ダイナースクラブカードの場合、2,500ポイント→1,000 JPYCの交換1回につき500ポイントが還元されます。
TRUST CLUBカードの場合は、4,000ポイント→1,000 JPYCの交換1回につき500ポイントが還元されます。
ポイントバックの時期は2027年1月中旬を予定しています。
キャンペーン期間中にJPYCへの交換を行えば、実質的な交換レートが改善されることになります。ダイナースクラブカードの場合、通常は2,500ポイント→1,000 JPYCですが、
500ポイント還元を考慮すると実質2,000ポイントで1,000 JPYC(1ポイントあたり0.5円相当)になる計算です。
TRUST CLUBカードの場合も、実質3,500ポイント→1,000 JPYC(1ポイントあたり約0.29円相当)と、通常時より有利なレートで交換できます。
「ポイ活」は今後どう変わる?
従来のクレジットカードポイントの使い道は、商品交換、航空マイルへの移行、他社ポイントへの移行、請求額への充当などが主流でした。今回の「ステーブルコインへの交換」という選択肢は、ポイ活の概念を大きく広げる可能性を持っています。
ステーブルコインに交換することで、ポイントは「使い先が限定されたもの」から「ブロックチェーン上で自由に移動・運用できるデジタル資産」へと性質が変わります。個人間送金、Web3サービスでの決済、DeFi(分散型金融)での運用など、従来のポイント交換先では実現できなかった使い方が可能になります。
ただし、注意点もあります。ノンカストディアルウォレットでは、ユーザー自身が秘密鍵を管理する必要があるため、鍵の紛失は資産の喪失に直結します。
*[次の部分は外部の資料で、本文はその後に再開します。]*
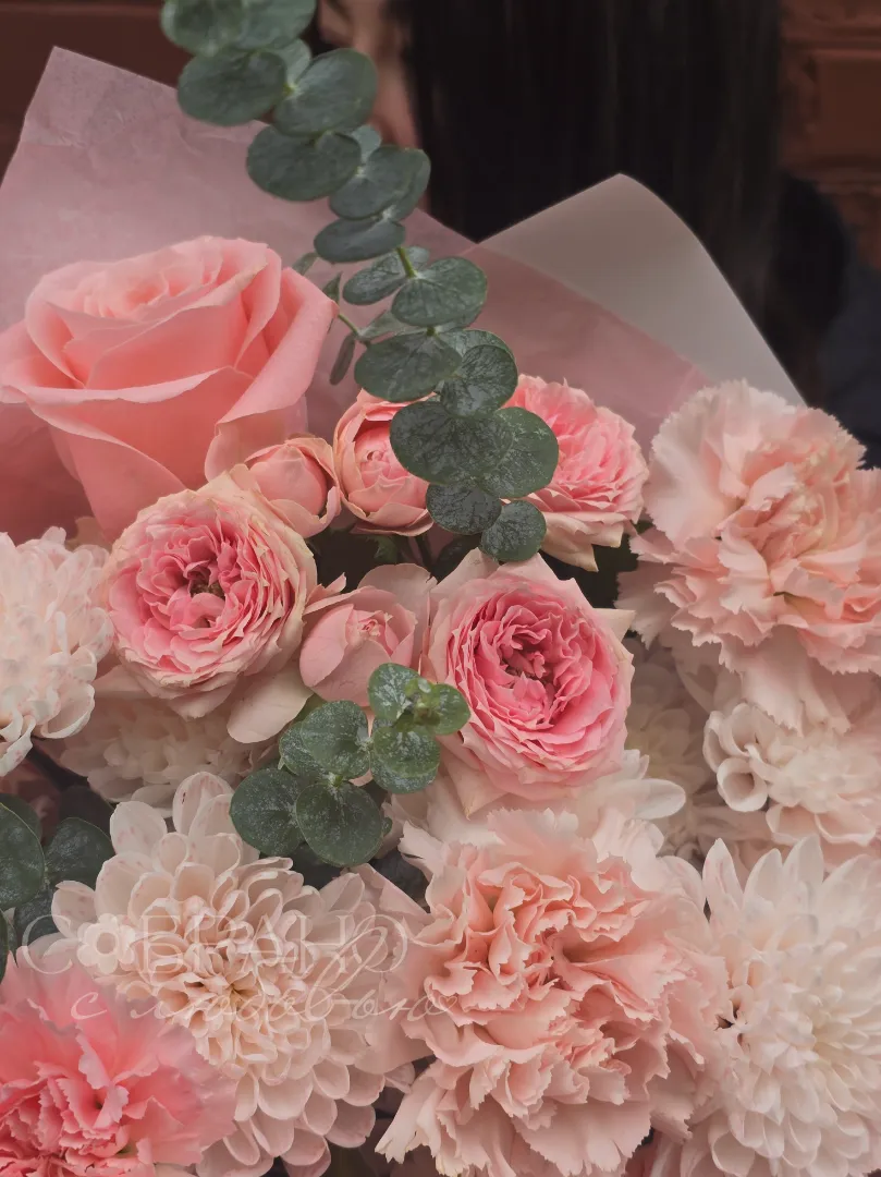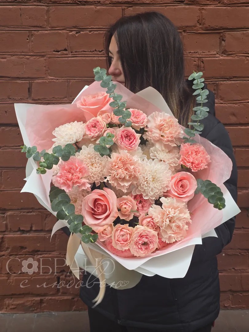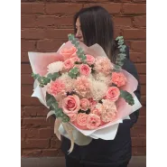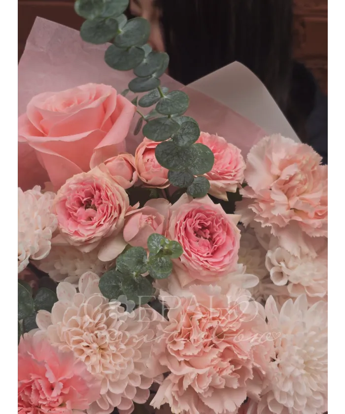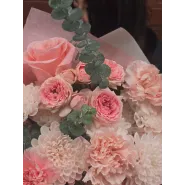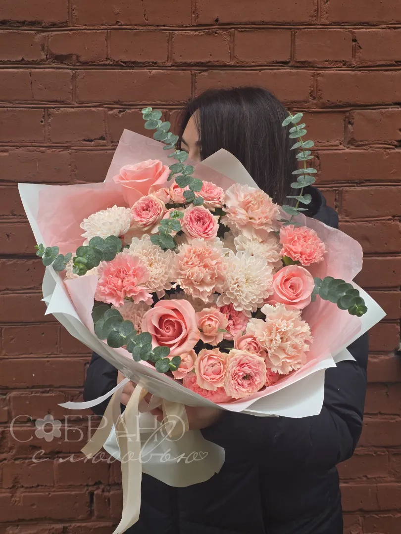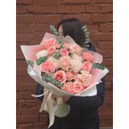 Нежность и очарование этого букета воплощены в трепетных розовых оттенках. Воздушные розы, пышные гвоздики и нежные хризантемы, дополненные зеленью эвкалипта, создают изысканную композицию, полную романтики и тепла. Этот букет станет идеальным выражением искренних чувств и подарит незабываемые моменты.

また、ステーブルコインは価格が安定しているとはいえ、法定通貨そのものではありません。Web3に馴染みのない方は、まずHashPort Walletの基本操作を理解したうえで、少額から試してみることをおすすめします。
なお、本サービスはポイント交換額の精算を行わない等の対応がなされており、暗号資産交換業および電子決済手段等取引業には該当しないと説明されています。
サービス概要まとめ
| 項目 | 内容 |
|---|---|
| サービス開始日 | 2026年6月1日(月) |
| 対象カード | ダイナースクラブカード、TRUST CLUBカード |
| 交換先 | 日本円ステーブルコイン「JPYC」 |
| 交換レート(ダイナース) | 2,500ポイント → 1,000 JPYC |
| 交換レート(TRUST CLUB) | 4,000ポイント → 1,000 JPYC |
| 受取先 | HashPort Wallet(ノンカストディアルウォレット) |
| キャンペーン期間 | 2026年6月1日〜11月30日 |
| キャンペーン特典 | 1,000 JPYC交換ごとに500ポイント還元 |
| ポイントバック時期 | 2027年1月中旬予定 |
まとめ
クレジットカードのポイントをステーブルコインに交換できる日本初のサービスは、既存の決済インフラとブロックチェーン経済を橋渡しする画期的な取り組みです。
ダイナースクラブの「有効期限なし」のポイントが、ブロックチェーン上で自由に活用できるデジタル資産へと変換される仕組みは、Web3に興味はあるが入口がわからなかったという方にとって、実用的な第一歩となるでしょう。
サービス開始から11月30日までの期間はポイントバックキャンペーンも実施されるため、JPYCへの交換を検討している方は、この期間中に試してみるのがお得です。今後、他のクレジットカード会社やポイントプログラムにも同様の動きが広がるのか、注目されます。